One of the most common types of feedback I get from clients is questions about data that doesn’t make sense.   Most commonly – “How can we have 8 out of 10 ‘dead’ at 4 hours and then only 2 out of 10 dead at 24 hours?”

Actually I am quite proud of such anomalies in our data sets since most data sets SHOULD have these types of things for several reasons:

  1. In some cases insects truly do recover (as exemplified by pyrethrin recovery) after an initial impact.
  2. In some cases insects are easily misclassified as ‘dead’ when really they were just stunned or simply not twitching at the moment that the researcher inspected that rep.
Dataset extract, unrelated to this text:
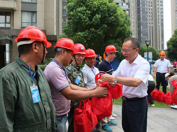 7月30日下午,區委副書記、區長趙如浪,區政協主席孟柏干一行冒著高溫來到位于大坂風情小區高層住宅二次供水改造工程現場,看望慰問高溫下堅守在崗位上的集團一線工作人員,給他們送上防暑降溫用品,并細心叮囑大家高溫天一定要注意防暑。

  3. Some species of arthropods are more prone to have very little twitching or ‘knockdown’ behavior and hence are more prone to jump back and forth between alive and dead classifications (such as caterpillars, grubs, and the like).
  4. In some cases our researcher simply didn’t look long enough at the rep to confirm the condition of all 10 insects (how long is ‘long enough’?).
  5. In some cases the insect may have been wedged or tangled up in another one and the movement was confused between the 2 individuals.
  6. In some cases the insect was obscured from the researcher’s view and was mislabeled.
  7. Maybe the researcher counted the same ‘dead’ (or ‘alive’) movement twice in the same insect as the insects moved around in the arena. This is very easy to do when most of the insects are alive since they are in constant motion, and it can be difficult in small arenas to keep track of each individual.
  8. And a sad reality is that not all people see things the same.  We may have weekend counts with a different person getting counts and what one perceives to be dead may be what another will see slight twitching and call KD.  We had a researcher that could see the abdomen of a fly moving when the rest of us could see nothing even with some magnification.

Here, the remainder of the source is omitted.